Would a companion option (--allow-hostname?) using a similar mechanism to this, or even a single option that covers both (--filter-hostname?) make sense?

krashanoff · 2020-06-24T20:16:03Z

Thank you all for taking the time to write back! This is my first time contributing to open source so it's been a good experience. Just summing up what I gleaned from the above conversation, it seems like this is the consensus on implementation:

The option will be named --block-hostname, K6_BLOCK_HOSTNAMES, and blockHostnames.
Blocked hostname errors will have a new code thrown.
Don't bother validating blocked hostname strings past a short check for [0-9A-Za-z\.-\*].
Wildcards are only permitted at the start of a value. Something like foo.*.bar is not permitted, but something like *.foo.bar is.
Blocked hostname strings will be stored backwards in a trie.

The only thing that is really left up to debate at this point is whether regexes should be permitted. I personally think it would be nice to have, but as @na-- mentioned, there's big issues with performance and implementation. I was tooling around with using Go's regexp for blacklisting last night, and found that things get nasty fast if one mirrors the current implementation pattern of IP blacklisting with regexp. Lines like (*net.IPNet)(ipnet).Contains(ip) are not ideal in my opinion.

Pertaining to @hynd's idea of --allow-hostname, I think it would make sense to have iff it were mutually exclusive with --block-hostname.

na-- · 2020-06-30T08:19:46Z

@krashanoff, @hynd, sorry for the late response... 😞

Regarding --allow-hostname or something similar, can you elaborate more on your use case? To me, --allow-hostname seems like an option that's more suitable for the various converters, especially the HAR to k6 converters.
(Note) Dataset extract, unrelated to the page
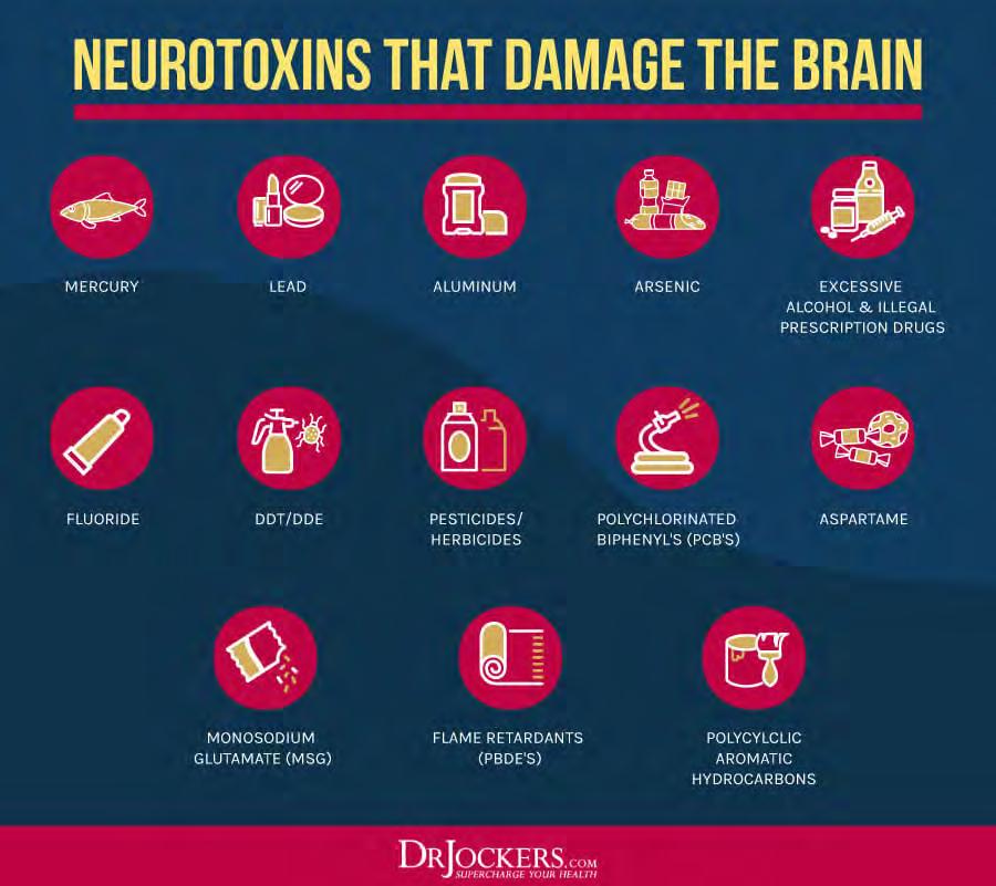 Neurotoxins, such as ethanol (in alcohol), glutamate, mycotoxins, nitric oxide, botulinum toxin (in Botox), tetrodotoxin, and tetanus toxin, are particularly damaging to your neurological functioning. Environmental toxicity may lead to memory problems, brain fog, dementia, neurodegenerative diseases, mood swings, irritability, fatigue, anxiety, depression, and mental health issues (21, 22, 23).

And indeed, we have the --only flag in the old k6 convert HAR converter and we plan to implement something like that in the new standalone HAR converter: grafana/har-to-k6#39

The biggest use case I can think for this is, when you've recorded a browser session, to exclude requests to any external services like analytics, ads, script CDNs, etc. So if you record an example.com browser session, you can just skip all requests to external websites recorded in the HAR file by just allowing --allow-hostname="*.example.com". It's better for these requests to never be included in the k6 script file at all, both to keep it cleaner, and to prevent you from having a bunch of errors in the metrics.

Whereas, to me, the biggest use case for an --block-hostname flag would be abuse prevention for things like k6 cloud. We can't control what scripts people run, but if a someone complains that our service is being used to DDoS their website/API/etc. without their consent, we'd be easily able to add their domain to the list of blocked ones.

There are other benefits and non-k6-cloud uses of the --block-hostname flag, of course. It can also be used to block external requests, albeit more clumsily than something like --allow-hostname, and it can allow people to selectively exclude some parts of a test run temporarily... But for a lot of these use cases there are usually other, somewhat cleaner, ways to achieve them, like environment variables and if statements, or the upcoming #1007 scenarios option...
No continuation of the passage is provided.